Using data in 'data/mondial_database.xml', the examples above, and refering to https://docs.python.org/2.7/library/xml.etree.elementtree.html, find

(update: https://docs.python.org/3.6/library/xml.etree.elementtree.html )

1. 10 countries with the lowest infant mortality rates
2. 10 cities with the largest population
3. 10 ethnic groups with the largest overall populations (sum of best/latest estimates over all countries)
4. name and country of a) longest river, b) largest lake and c) airport at highest elevation

In [1]:
# setup packages
from xml.etree import ElementTree as ET
import numpy as np
import pandas as pd

# import data
document = ET.parse( './data/mondial_database.xml' )
data = document.getroot() # transform tree into readable data

### Exercise 1: 10 Countries with lowest infant mortality

#### Attempted Steps:
1. Extract a list of tuples, each containing a country and its infant mortality rate
    Note --> those with no infant mortality rate are recorded as 'NaN'
2. Merge lists into a pandas data frame and remove missing data
3. sort the dataframe and print the 10 countries with the lowest infant mortality

In [2]:
data = document.getroot() # transform tree into readable data

# Step 1: extract data as a list of tuples

countries = []
for country in data.findall('country'):                    # iterate through the countries in the data, bulding tuples
    name = country.find('name').text                       # record the country name
    try:                                                   # check for errors since only some countries have an infant mortality
        mortality = country.find('infant_mortality').text  # if no error, add the infant mortality
    except AttributeError:                                 # if the data is missing, an AttributeError is thrown
        mortality = np.nan                                 # if an error is thrown, then missing data is entered into the tuple

    ob = ( name, mortality )
    countries.append(ob)                                   # append tuple to the list of countries


In [3]:
# Step 2: generate pandas data frame

labels = ['country', 'infant_mortality']                  # generate column names
mortality_data = pd.DataFrame.from_records(countries, columns = labels).dropna() #generate data frame while removing NaN values

mortality_data.head(10)

Unnamed: 0,country,infant_mortality
0,Albania,13.19
1,Greece,4.78
2,Macedonia,7.9
3,Serbia,6.16
6,Andorra,3.69
7,France,3.31
8,Spain,3.33
9,Austria,4.16
10,Czech Republic,2.63
11,Germany,3.46


In [4]:
# Step 3.1: Confirm proper data structures

print(mortality_data.dtypes)                                                           # demonstrate type of data to be sorted
mortality_data['infant_mortality'] = pd.to_numeric(mortality_data['infant_mortality']) # coerce data to numeric data
print(mortality_data.dtypes)                                                           # confirm correct data type

country             object
infant_mortality    object
dtype: object
country              object
infant_mortality    float64
dtype: object


In [5]:
# Step 3.2: Print output
mortality_data.sort_values(by = 'infant_mortality').head(10)

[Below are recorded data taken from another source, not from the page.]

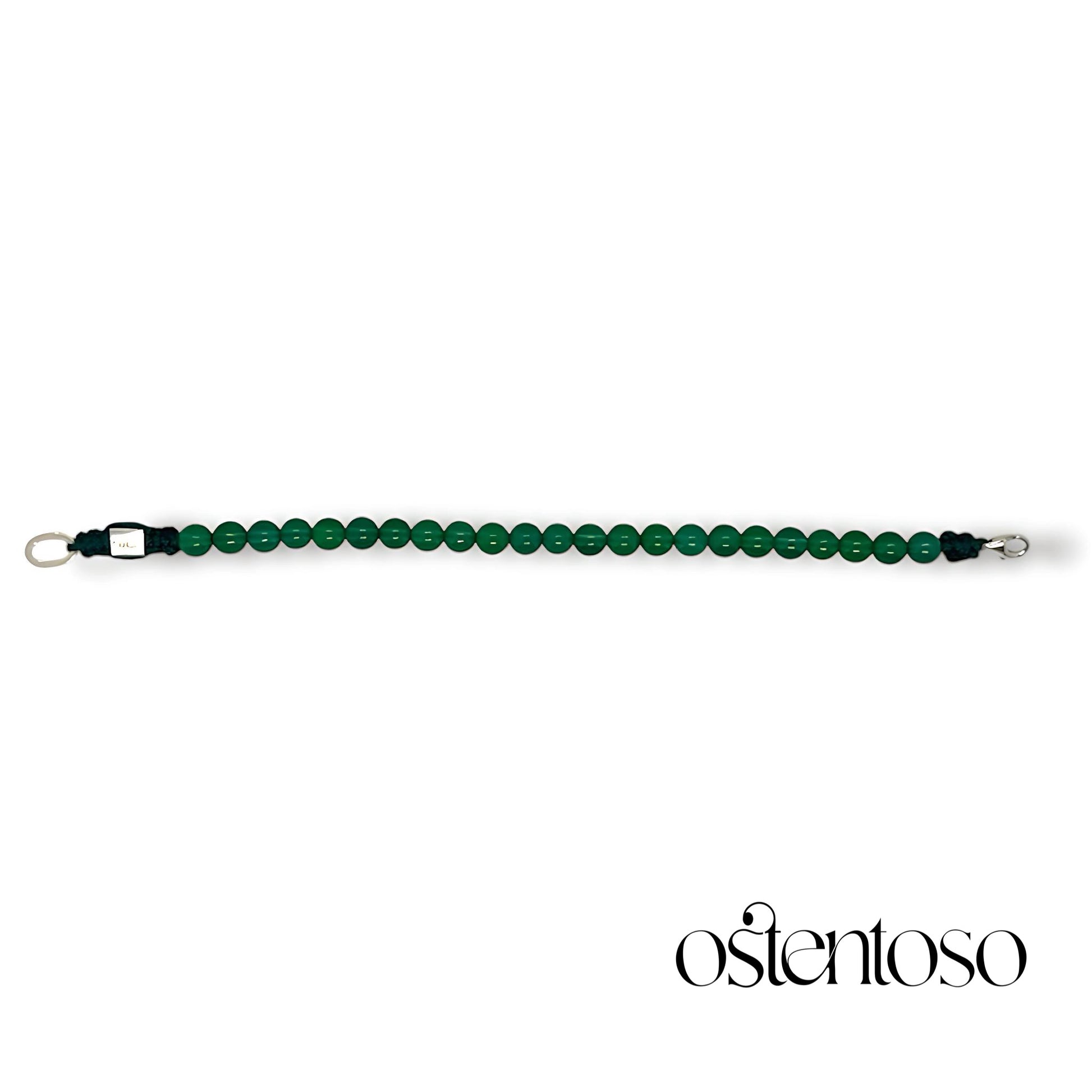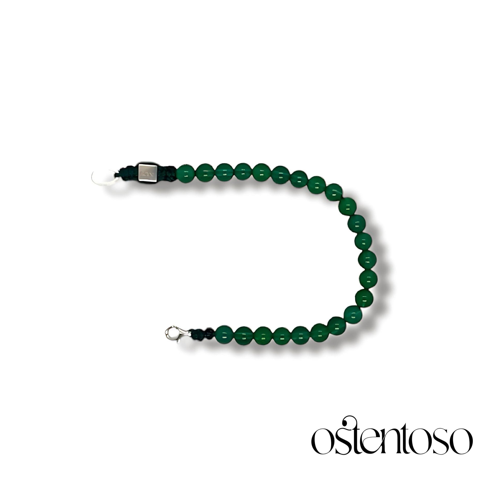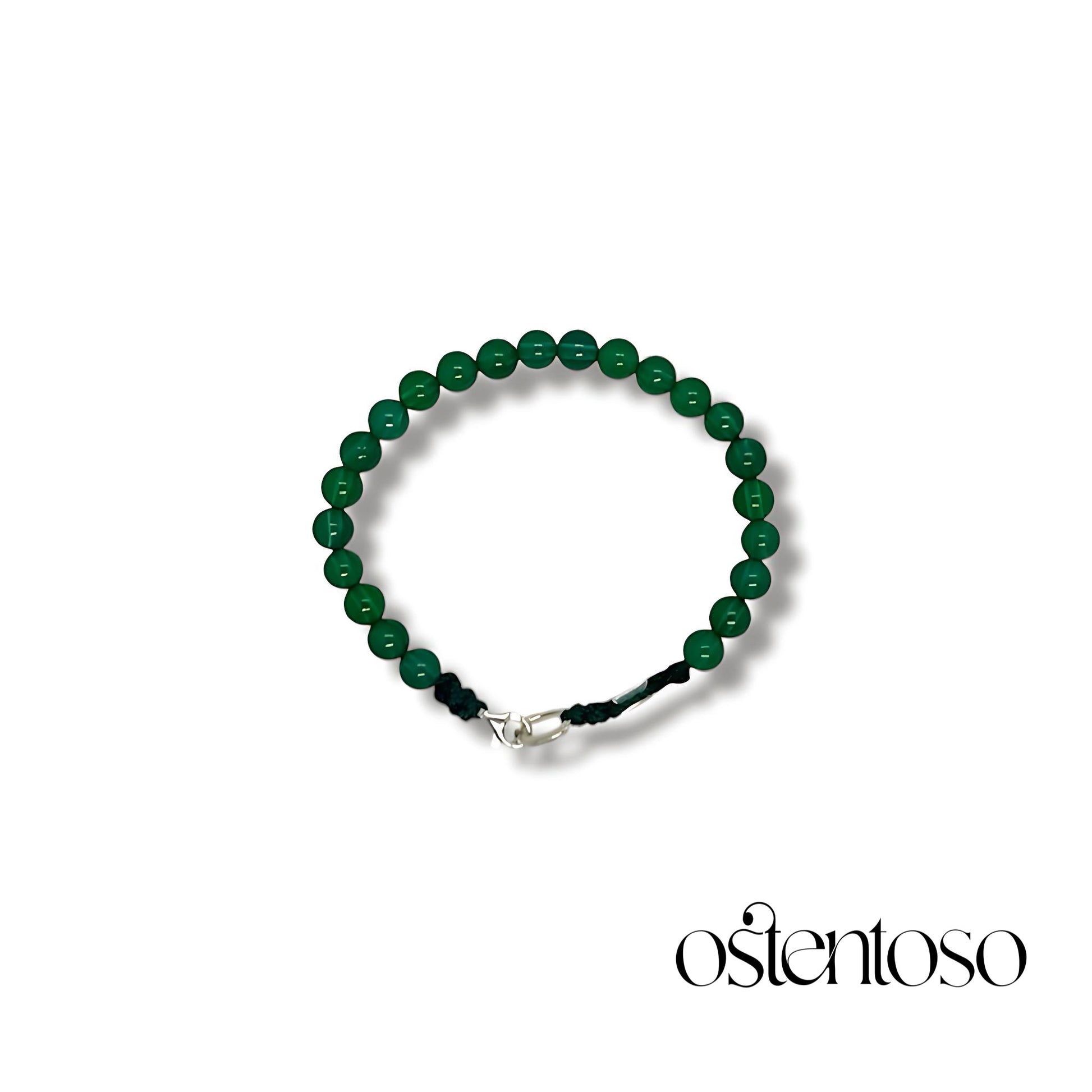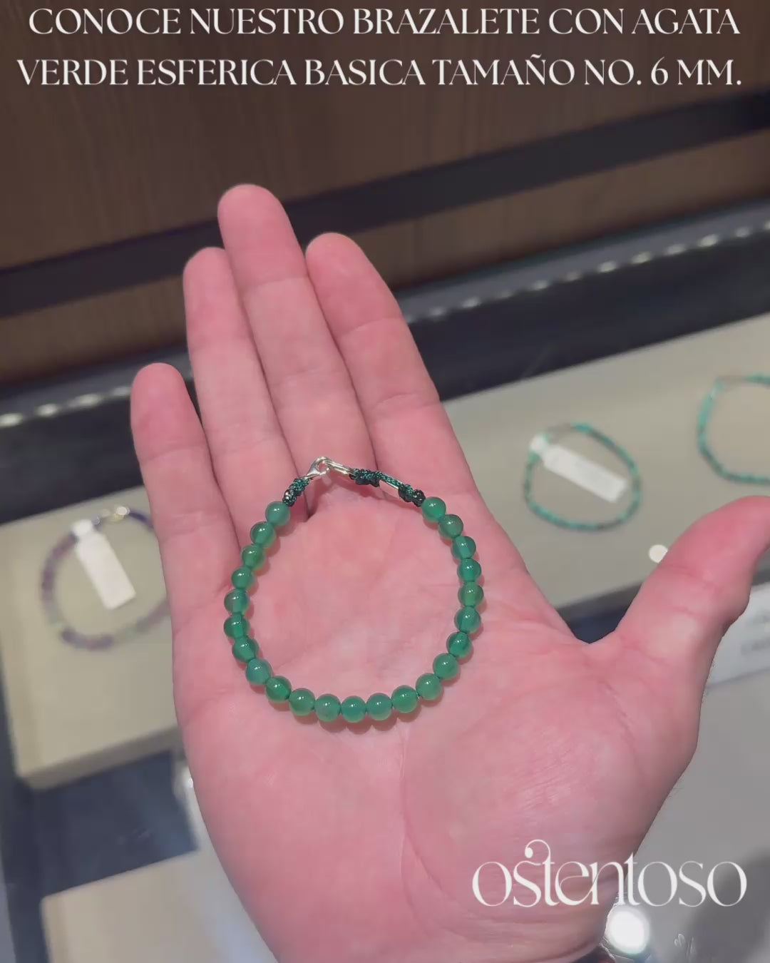 Notre magnifique bracelet est réalisé avec des cristaux d'Agate verte taillés en forme sphérique polie de taille n° 6 mm, conçus dans ses versions Basic et avec des perles d'or, réalisé avec une corde terlenka colorée selon le design et du matériel en argent sterling 925.
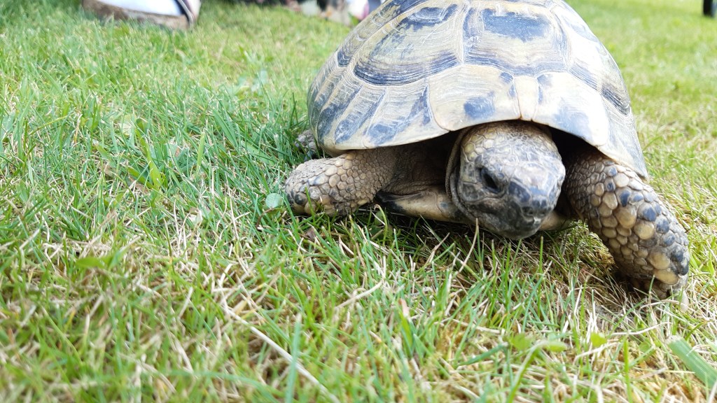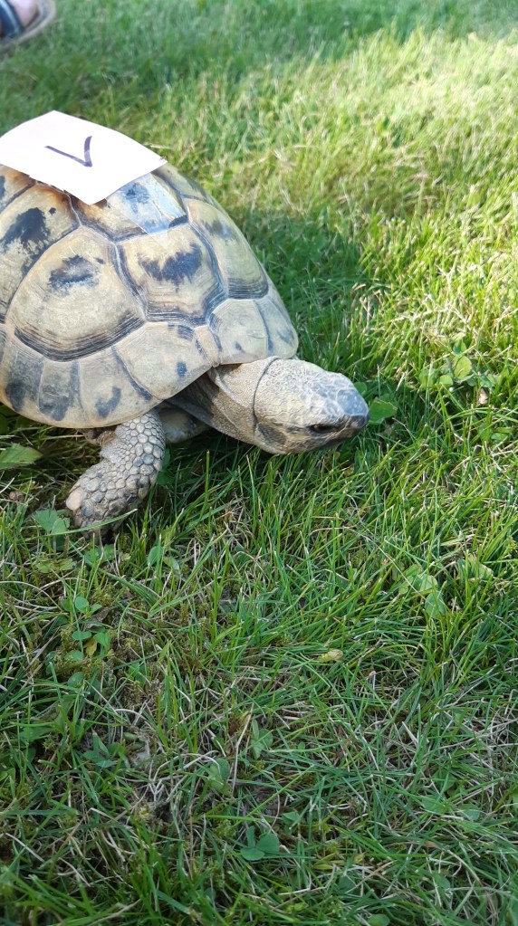 Unsere Cousinen haben drei Schildkröten und es macht sehr viel Spaß mit ihnen Schildkrötenwettrennen zu veranstalten!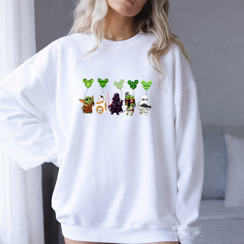This design embodies the joy of celebrating St. Patrick’s Day with a Star Wars twist. Featuring characters like Yoda and Darth Vader holding cheerful green Mickey ears balloons, it invites fans to embrace the holiday spirit in a fun, family-friendly way. Each character adds a layer of whimsy, making this design a delightful tribute to both beloved franchises.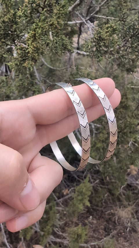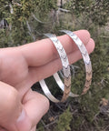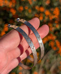 These mystical Southwestern Stamped Hoops feature radiant sun-inspired stamping and intricate silversmithing. Comfortable for all-day wear, they’re a signature piece for everyday mystical elegance.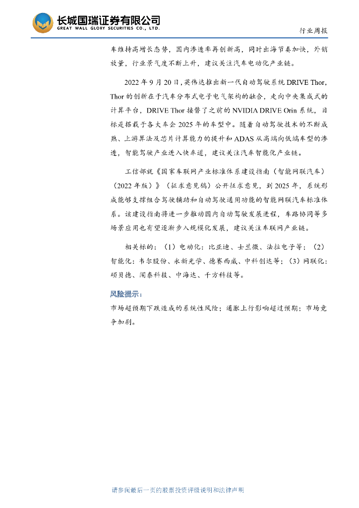 东吴证券:汽车智能化10月投资策略:先发优势稳固,后发发力追赶,继续看好智能化主线!

Unnamed: 0,country,infant_mortality
38,Monaco,1.81
98,Japan,2.13
117,Bermuda,2.48
36,Norway,2.48
106,Singapore,2.53
37,Sweden,2.6
10,Czech Republic,2.63
78,Hong Kong,2.73
79,Macao,3.13
44,Iceland,3.15


### Exercise 2: 10 cities with the largest population

#### Attempted Steps:
1. Make a list of tuples, where each tuple is the name of the city, most recent population, year of estimate/census
2. Use the list to create a PD data frame and ensure that the data are proper numeric values
3. Print the 10 cities with the largest populations

In [6]:
# Step 1: make the list of city_name-population tuples

cities = []                                              # empty list of city tuples, to be filled

for country in data.findall('country'):                  # iterate list of all countries
    for city in country.iter('city'):                    # iterate list of all cities in the country
        
        city_name = city.find('name').text               # record the city name
        last_year = 0                                    # set a base for tracking the last year tested
        for pop_count in city.findall('population'):     # make a list of all population measurements/estimates for a city
            year = int(pop_count.attrib['year'])         # record the year of the population measurement/estimate
            if (year >= last_year):                      # test if current year or more recent than last year
                pop = int(pop_count.text)                # if more recent, update population measurement/estimate
                last_year = year                         # and update last_year to current year
        
        ob = (city_name, pop, year)                      # make 3-item tuple with city name, population, and year of population
        cities.append(ob)                                # append tuple to the list of cities using the most recent population


In [7]:
# Step 2.1: Use the list to create a PD data frame

labels = ['city', 'population', 'year']
city_pops = pd.DataFrame.from_records(cities, columns = labels)

city_pops.head(10)

Unnamed: 0,city,population,year
0,Tirana,418495,2011
1,Shkodër,77075,2011
2,Durrës,113249,2011
3,Vlorë,79513,2011
4,Elbasan,78703,2011
5,Korçë,51152,2011
6,Komotini,51152,2011
7,Kavala,58790,2011
8,Athina,664046,2011
9,Peiraias,163688,2011


In [8]:
# Step 2.2: ensure that the data are proper numeric values

# Step 2.2.1: test data types
print(city_pops.dtypes)

city          object
population     int64
year           int64
dtype: object


In [9]:
# check passed; moving to step 3

# Step 3: Sort and print list of top 10 cities by most recent population
city_pops.sort_values(by = 'population', ascending = False).head(10)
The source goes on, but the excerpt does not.